White paper

The fallacy of self-reporting

People are notoriously bad at self-evaluation 

As learning professionals, our ultimate goal for employee training is behavioral change. We want to develop the behaviors that drive performance and increase competitive advantage while discouraging the behaviors that reduce productivity, increase risk exposure or damage culture. But on-the-job behavior is hard to measure, and observing people as they work can cause behavioral changes on its own (what organizational psychologists call the Hawthorne effect1).

As a result, many talent professionals turn to self-evaluation questions such as: “How often did you use the new training in the last week?” or “How relevant is the training for your day-to-day work?” to evaluate whether an initiative actually changed behavior and delivered a positive business outcome.

Unfortunately, people are notoriously bad at self-evaluation, this is particularly true with a soft skills assessment. People new to a skill are highly prone to overestimate their abilities: organizational psychologists refer to this as the Dunning-Kruger effect2.

Even if they do have an accurate understanding of their skills, leading questions (and questions that suggest the desired answer) cause employees to consciously or unconsciously distort their answers to comply with the lead. Social psychologists designing experiments refer to these as demand characteristics3. For example, a question that asks “How relevant was the training?", contains an embedded assumption that the training was somewhat relevant.

In addition, people’s conscious and unconscious desire to see themselves, and present themselves to others, as highly competent and skilled workers, inflates people’s estimates of their abilities. Social psychologists refer to this as the social desirability effect4.

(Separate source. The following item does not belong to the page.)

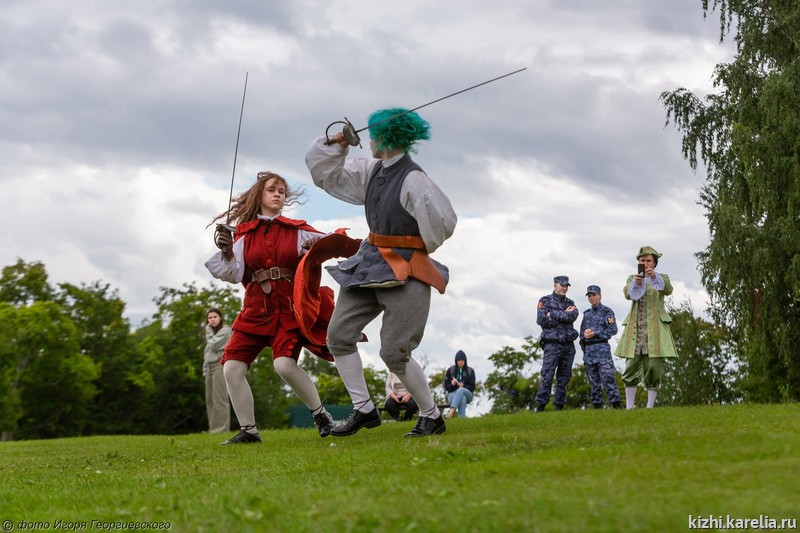 Кондопожский историко-морской клуб «Гардемарин» продемонстрировал номера по фехтованию, приемы с пиками и мушкетами, исторические танцы, потешные игры, организовал рекрутскую школу по армейским артикулам Петра Великого.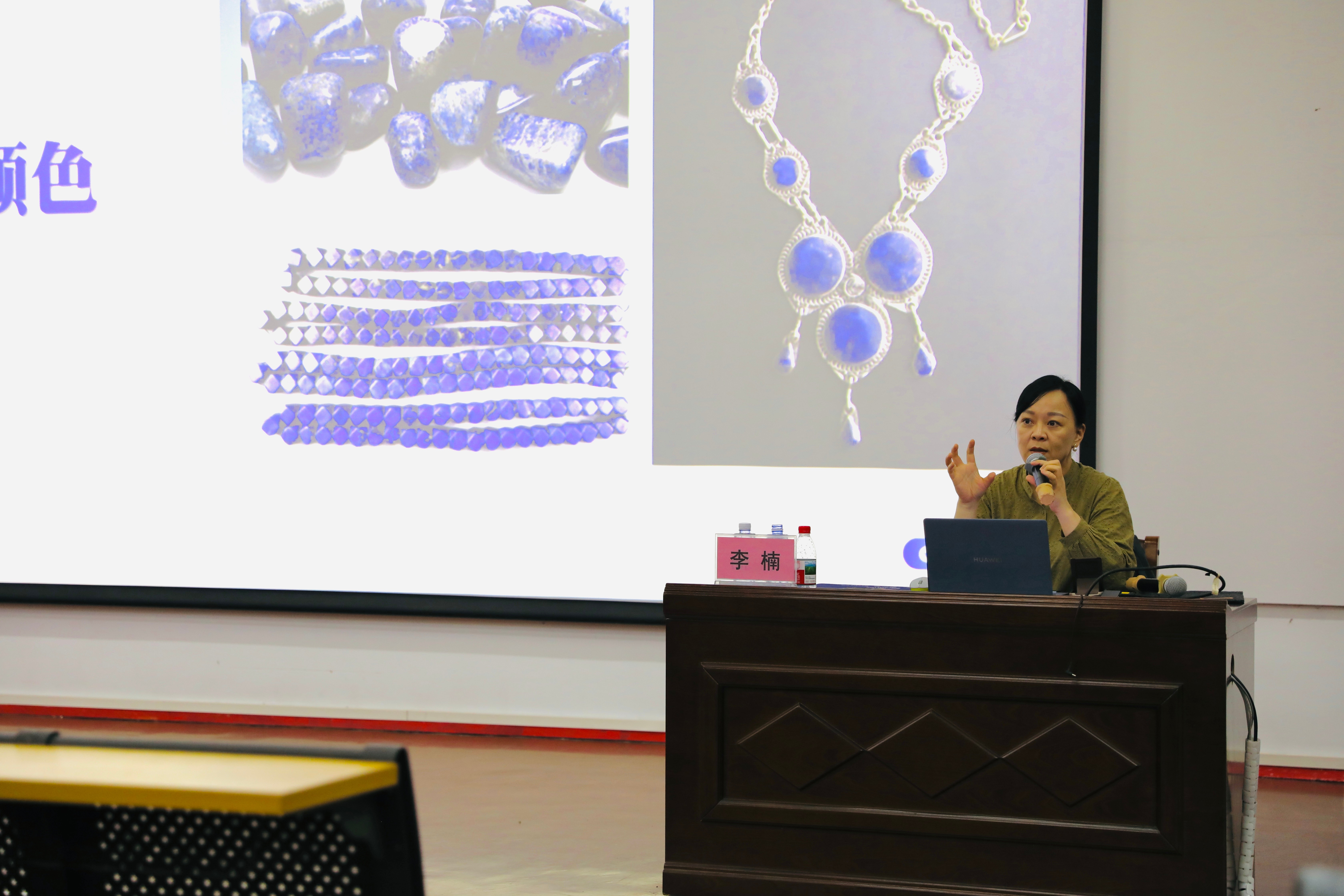 讲座伊始,李楠教授从制色技术介绍了天然矿物颜色、化工原料、动物颜色、植物颜色、矿物颜色、蓝铜矿颜料等古早颜色的提取方法,还阐述了制色技术演变与发展,进而引导现场师生掌握色的感知,并了解服装的质感与材料的关系。

A perfect storm of distortion

When employees are asked to assess their own proficiency in soft skills, all of these factors (Dunning-Kruger, demand characteristics, and social desirability) combine in a perfect storm of distortion.

This is illustrated with a snapshot of data from 27,728 people who completed 83,932 ETU simulation sessions. Before these particular simulations, people were asked to predict how well they would perform on various soft skills and tasks. They then completed the simulation, and their behavior was automatically measured according to those same soft skills.

Figure 1 shows how peoples’ self-reported skills (their predicted performance) corresponds to their demonstrated skills in the simulations.

Out of 431,871 prediction/behavior pairs, only 23.2% of simulation performances were within 5 points of the prediction.

Figure 1. Ability based on behavior and self-assessed skills.

The grey line represents accurate self-assessment.

Overconfidence drops as skills increase

As Dunning and Kruger predicted, overconfidence drops as skills increase - this is very clear from Figure 2. Someone with low ability (who scored 20 in a simulation) will overestimate their skills by a median of 189%. Someone with high ability (who scored 70 in a simulation) will still overestimate, but by only 12%.

Most interestingly, people who have mastered a skill (score of 100 in the simulation) actually tend to underestimate their skills by 12%.


Figure 2. Self-assessments become more accurate (closer to ability
as measured via simulation decisions) as abilities improve.

When training is focused on developing skills or behaviors, self-reported measurement is inaccurate at measuring transfer, impact or change in response to the training.

Measuring behavior change is critical to successfully evaluating and shaping our learning programs and initiatives and ultimately driving our organizations to succeed and excel in a competitive world. The facts are clear: to truly measure the impact of learning in our organizations we have to accurately assess skills and behaviors. ETU can help accurately measure skills and behaviors in an objective, standardized and scalable way.

1 Hawthorne Effect
When employees know they are being observed, their behavior changes in ways that can affect performance.

2 Dunning-Kruger Effect
Ability is inversely related to self-perceived competence.

3 Demand Characteristics
Word choices and behavior by assessors away what answer is desired or expected.

4 Social Desirability Effect
Behaviors driven by the desire to conform with the expectations of others.

This research article is an amended extract from an earlier white paper from ETU, authored by Dr. Bethany Kok.